- RECORDS FOR THE EXERCISE

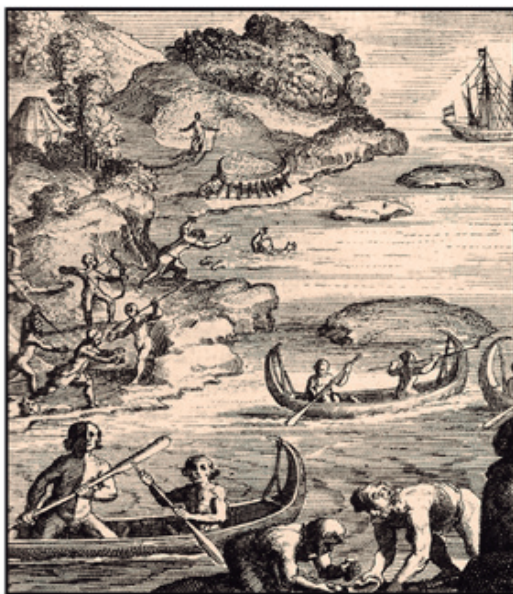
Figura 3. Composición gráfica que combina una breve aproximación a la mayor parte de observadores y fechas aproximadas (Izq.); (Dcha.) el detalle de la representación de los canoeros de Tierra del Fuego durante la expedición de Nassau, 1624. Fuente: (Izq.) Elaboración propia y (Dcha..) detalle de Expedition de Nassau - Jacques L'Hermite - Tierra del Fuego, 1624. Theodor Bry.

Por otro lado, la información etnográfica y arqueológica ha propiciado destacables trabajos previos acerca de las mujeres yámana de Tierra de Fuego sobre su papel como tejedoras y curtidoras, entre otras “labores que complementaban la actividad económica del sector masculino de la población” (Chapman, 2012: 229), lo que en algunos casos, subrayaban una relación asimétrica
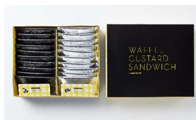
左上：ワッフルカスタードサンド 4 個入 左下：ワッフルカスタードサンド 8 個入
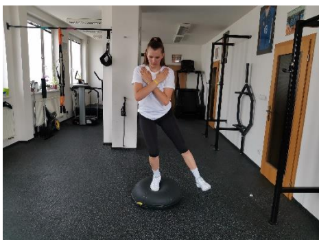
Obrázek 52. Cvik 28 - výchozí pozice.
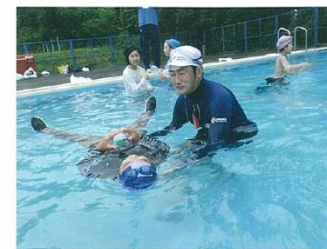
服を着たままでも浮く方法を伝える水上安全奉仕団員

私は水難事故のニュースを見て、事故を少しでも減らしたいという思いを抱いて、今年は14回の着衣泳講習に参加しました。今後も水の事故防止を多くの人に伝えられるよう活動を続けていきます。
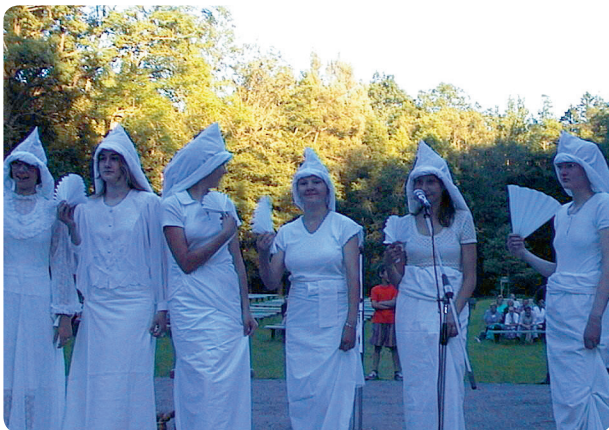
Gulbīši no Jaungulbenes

==

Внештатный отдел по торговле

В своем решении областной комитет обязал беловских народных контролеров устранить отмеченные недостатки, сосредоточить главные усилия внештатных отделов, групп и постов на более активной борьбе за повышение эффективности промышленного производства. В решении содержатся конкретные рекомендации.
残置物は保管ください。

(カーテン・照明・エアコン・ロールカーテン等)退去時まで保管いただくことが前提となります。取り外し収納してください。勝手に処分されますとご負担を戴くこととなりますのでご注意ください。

- INSTRUCTIONS FOR THE TASK
Above are the records; restate exactly the lines from the one containing "Por otro lado, la" through the one containing "Gulbīši no Jaungulbenes", keeping pictures out.

- EXERCISE RESULT
Por otro lado, la información etnográfica y arqueológica ha propiciado destacables trabajos previos acerca de las mujeres yámana de Tierra de Fuego sobre su papel como tejedoras y curtidoras, entre otras “labores que complementaban la actividad económica del sector masculino de la población” (Chapman, 2012: 229), lo que en algunos casos, subrayaban una relación asimétrica
左上：ワッフルカスタードサンド 4 個入 左下：ワッフルカスタードサンド 8 個入
Obrázek 52. Cvik 28 - výchozí pozice.
服を着たままでも浮く方法を伝える水上安全奉仕団員

私は水難事故のニュースを見て、事故を少しでも減らしたいという思いを抱いて、今年は14回の着衣泳講習に参加しました。今後も水の事故防止を多くの人に伝えられるよう活動を続けていきます。
Gulbīši no Jaungulbenes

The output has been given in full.